Data for processing:

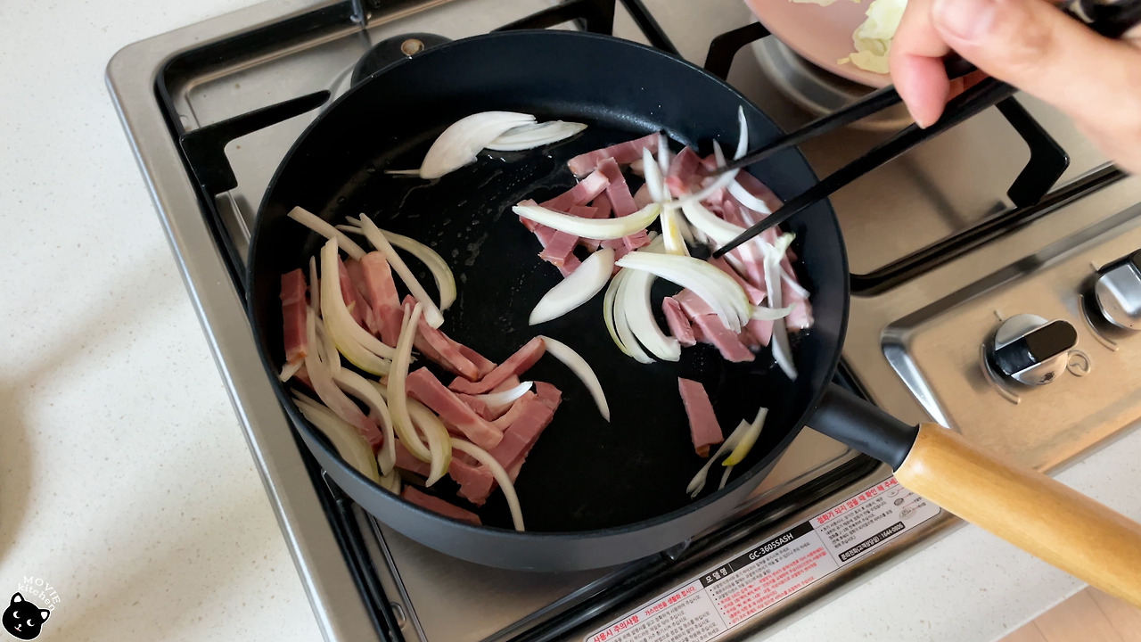 - 달군 팬에 식용유를 넉넉히 두르고 양파와 베이컨을 볶는다.
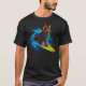 El color es muy bonito al natural, como la foto. El tejido es suave y de buena calidad. Sin defectos en el tintado, ni hilos sueltos o descosidos. Bien la impresión. Los bordes de las letras y el dibujo son nítidos, y el color contrasta muy bien con el de la camiseta.
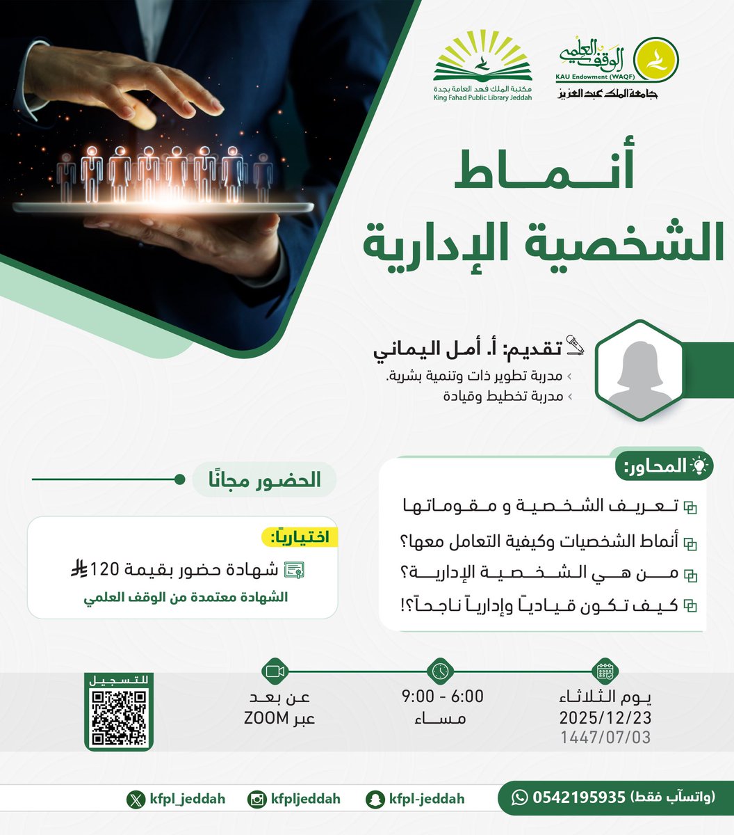 – الموعد: يوم الثلاثاء بتاريخ 1447/07/03هـ الموافق 2025/12/23م (من 6:00 مساءً إلى 9:00 مساءً).
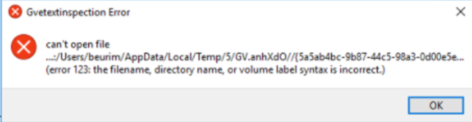 Error Message: “Gvetextinspections Error - Error 123: the filename directory name or volume label syntax is incorrect.”
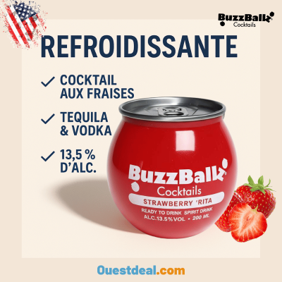 Envie d’une pause fraîcheur comme aux États-Unis ou dans les soirées latines ? Découvrez BuzzBallz Strawberry ‘Rita, le mini cocktail prêt à boire au bon goût de margarita à la fraise… déjà mélangé, déjà glacé, il ne reste plus qu’à savourer.
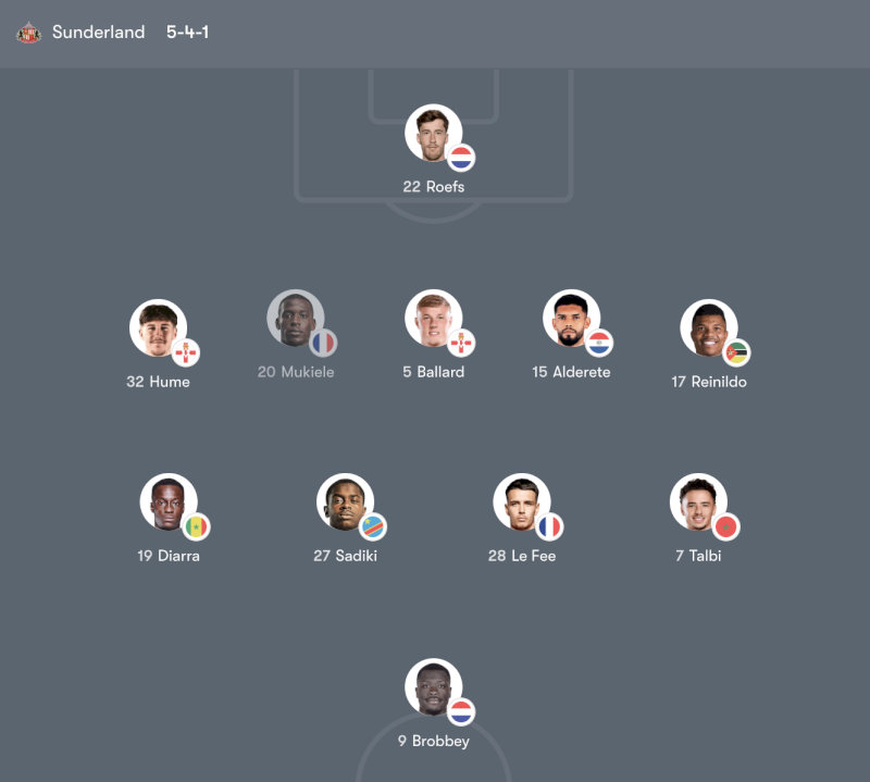 Sunderland thiết lập khối phòng ngự 5-4-1 với mục tiêu giữ chặt trung lộ và hạn chế khoảng trống dành cho các mũi tấn công tốc độ của Liverpool. Bộ ba trung vệ Ballard – Alderete – Mukiele là nền tảng giúp đội chủ nhà tăng cường khả năng bọc lót, đặc biệt trong những tình huống tranh chấp trên không hoặc bóng dài.
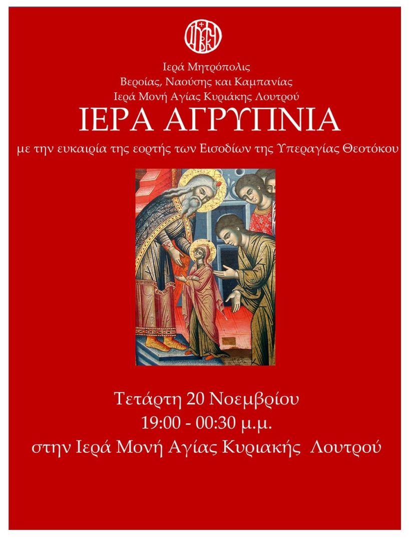 Από την Ιερά Μονή της Αγίας Κυριακής Λουτρού ανακοινώνεται ότι την Τετάρτη 20 Νοεμβρίου, από τις 7:00 μ.μ. έως τις 12:30 μ.μ., θα τελεστεί Πανηγυρική Ιερά Αγρυπνία με την ευκαιρία της θεομητορικής εορτής των Εισοδίων της Υπεραγίας Θεοτόκου.
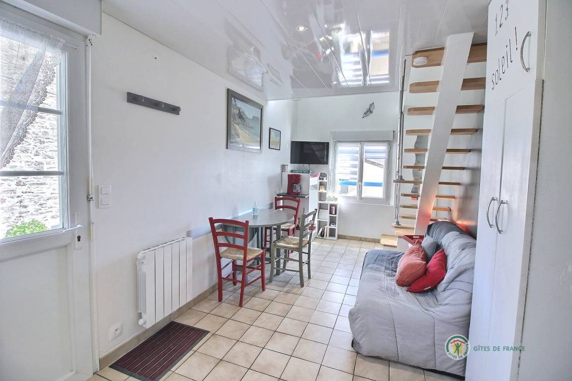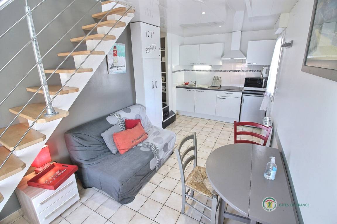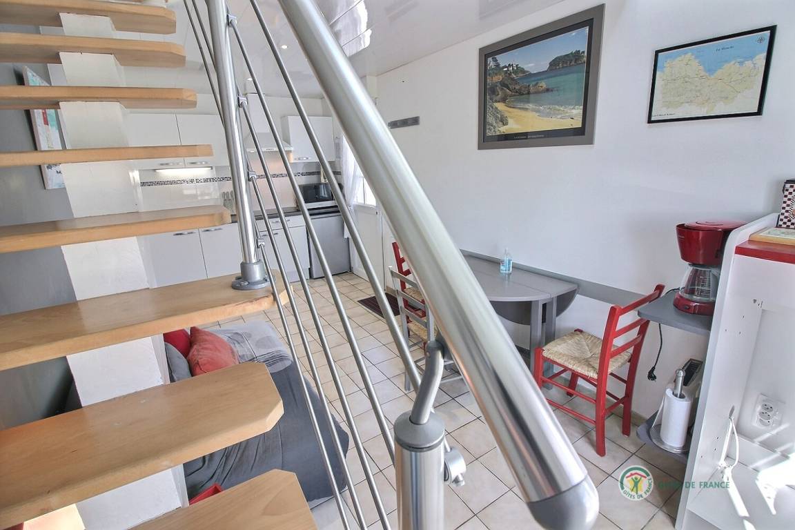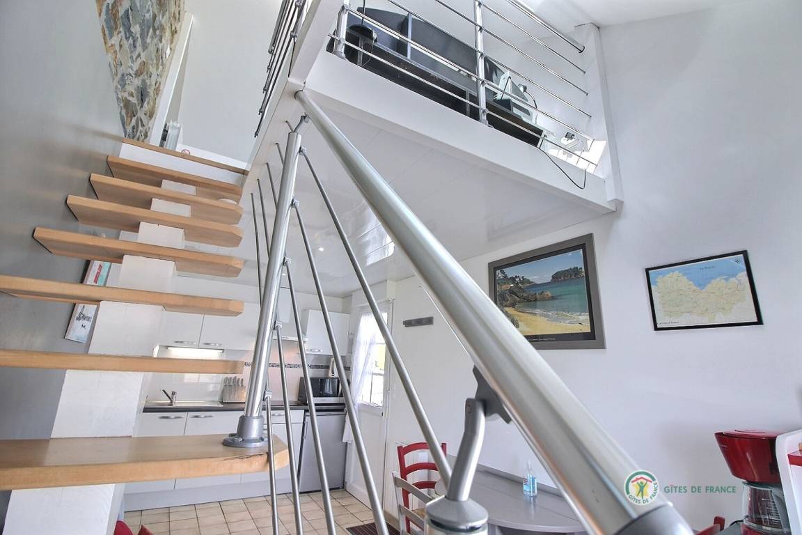 „Petite surface optimisée avec couchage de qualité en mezzanine (vrai escalier) et tous les éléments de confort. Pas de jardin mais les alentours sont propices à la balade (champ avec vue sur la mer à proximité). Accueil au top !“
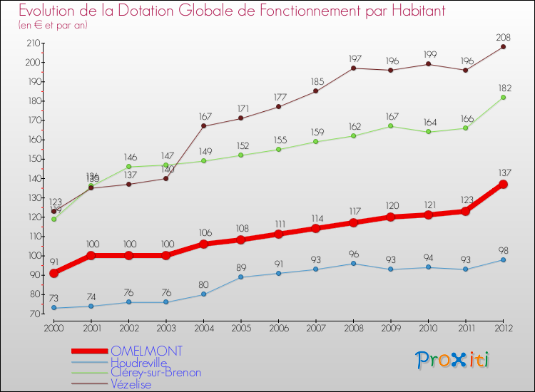 Dans le même temps, la Dotation Globale de Fonctionnement accordée aux communes françaises similaires à Omelmont était de 232 € par habitant, en 2012.
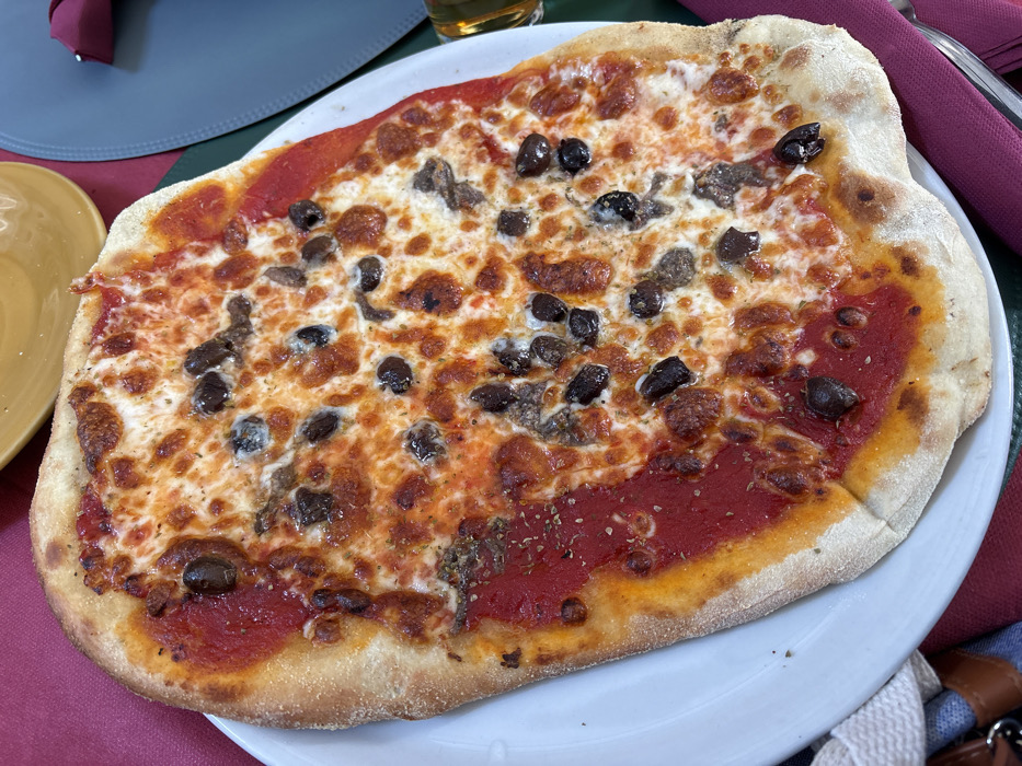 An oblong pizza, approximately 12-14 inches in length, is centrally positioned on a white ceramic plate, occupying the majority of the frame. The pizza is topped with melted, bubbly mozzarella cheese, numerous dark, whole or halved olives, small, elongated pieces of anchovy, and dried herbs visible as small specks. Red tomato sauce is evident in patches, particularly on the left side, beneath the cheese and toppings. The crust is golden-brown with visible areas of charring. The plate rests on a dark red tablecloth. To the upper right, a portion of a light yellow ceramic plate or bowl is visible. To the lower right, a dark green placemat is partially seen, along with a folded dark red napkin and a segment of a clear glass containing a yellowish liquid. A woven white strap and brown leather from a bag are partially visible at the lower left. The scene depicts a meal at a dining establishment in Genoa, Italy.
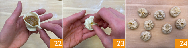 Fold the disc and make small pleats starting from one end, while with the other hand, bring the dough edges towards the center and push the filling down 22. Finally, crimp the seal to enclose the filling inside 23 and obtain a rounded shape 34.
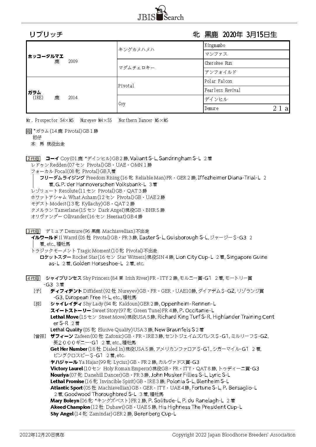 母系を見ますと、母ガラムは英国で1勝。いとこにはドイツのリステッドレースで好走したフリーダムライジングがいます。祖母コーイは英国のリステッドレース好走馬で、その半弟イルワールドは英G3ジャージーS2着で種牡馬入りも果たしています。3代母デミュアは不出走ですが、その半兄ディフィデントは英G2ダイアデムSなどを勝って種牡馬入り。4代母シャイプリンセスは仏G1モルニー賞の2着馬で、その子孫には英G1セントジェイムズパレスSを勝ち、英2000ギニー2着の種牡馬ザフィーンや、米G1アメリカンファラオSなどを勝ったゲットハーナンバーなどがいます。
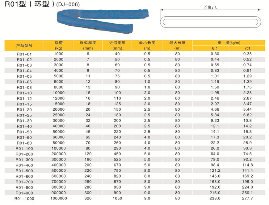 载荷识别:在使用过程中吊带上所标吨位,可通过吊带外套上的颜色识别承载重量

The task: Please print the lines exactly, from the top of the material through the line with "Envie d’une pause", and omit the pictures.

Response for this exercise:
 - 달군 팬에 식용유를 넉넉히 두르고 양파와 베이컨을 볶는다.
 El color es muy bonito al natural, como la foto. El tejido es suave y de buena calidad. Sin defectos en el tintado, ni hilos sueltos o descosidos. Bien la impresión. Los bordes de las letras y el dibujo son nítidos, y el color contrasta muy bien con el de la camiseta.
 – الموعد: يوم الثلاثاء بتاريخ 1447/07/03هـ الموافق 2025/12/23م (من 6:00 مساءً إلى 9:00 مساءً).
 Error Message: “Gvetextinspections Error - Error 123: the filename directory name or volume label syntax is incorrect.”
 Envie d’une pause fraîcheur comme aux États-Unis ou dans les soirées latines ? Découvrez BuzzBallz Strawberry ‘Rita, le mini cocktail prêt à boire au bon goût de margarita à la fraise… déjà mélangé, déjà glacé, il ne reste plus qu’à savourer.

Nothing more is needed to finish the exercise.